Wildlife sanctuary in Bangladesh

Chunati Wildlife Sanctuary is an IUCN Category IV protected area located close to the village of Chunati in the Chittagong District of the Chittagong Division in southeastern Bangladesh.

==History==
The Sanctuary was established in 1986 through Gazette Notification XII/For-I/84/174. Covering nearly 7764 hectares, the predominant vegetation was originally garjan forest, but illegal logging and encroachment for cultivation resulted in a fragmented and degraded habitat. By 2003, secondary scrub covered approximately 44% of the Sanctuary, but various replanting projects have been undertaken with donor support. This was the first wildlife sanctuary in Bangladesh.
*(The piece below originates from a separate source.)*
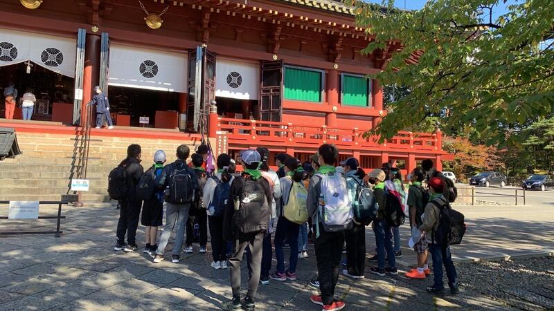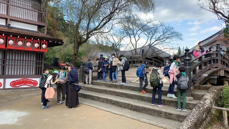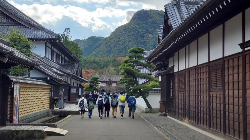 町並み散策では,グループに分かれ,ガイドさんの説明を熱心に聞いていました。

There are 15 villages in and around the Sanctuary. The Sanctuary is home to several endangered timber species.

==Wildlife==
Chunati Wildlife Sanctuary is a major corridor for the movement of Asian elephant between Bangladesh and Myanmar. There are 20 key elephant crossing points in and around the sanctuary. It is a major habitat for Asian elephants and home to at least 372 species of birds, mammals and amphibians. Mammal species in the Sanctuary include muntjac deer, fishing cat, wild boar and Malayan porcupine. Birds include the black-rumped flameback, coppersmith barbet,
chestnut-headed bee-eater, Asian green bee-eater, greater coucal, house swift, spotted dove, black drongo, jungle myna and Asian pied starling

==Administration and protection==
The park is under the jurisdiction of Bangladesh Forest Department of the Ministry of Environment and Forest (MoEF)(Now known as Ministry of Environment, Forest and Climate Change or MoEF&CC), and is managed by them in cooperation with local communities. The community patrols are led by women in green saris. They are from the local community and are funded by U.S. Agency for International Development and Germany's development agency GTZ. They receive stipends of $50 for their service.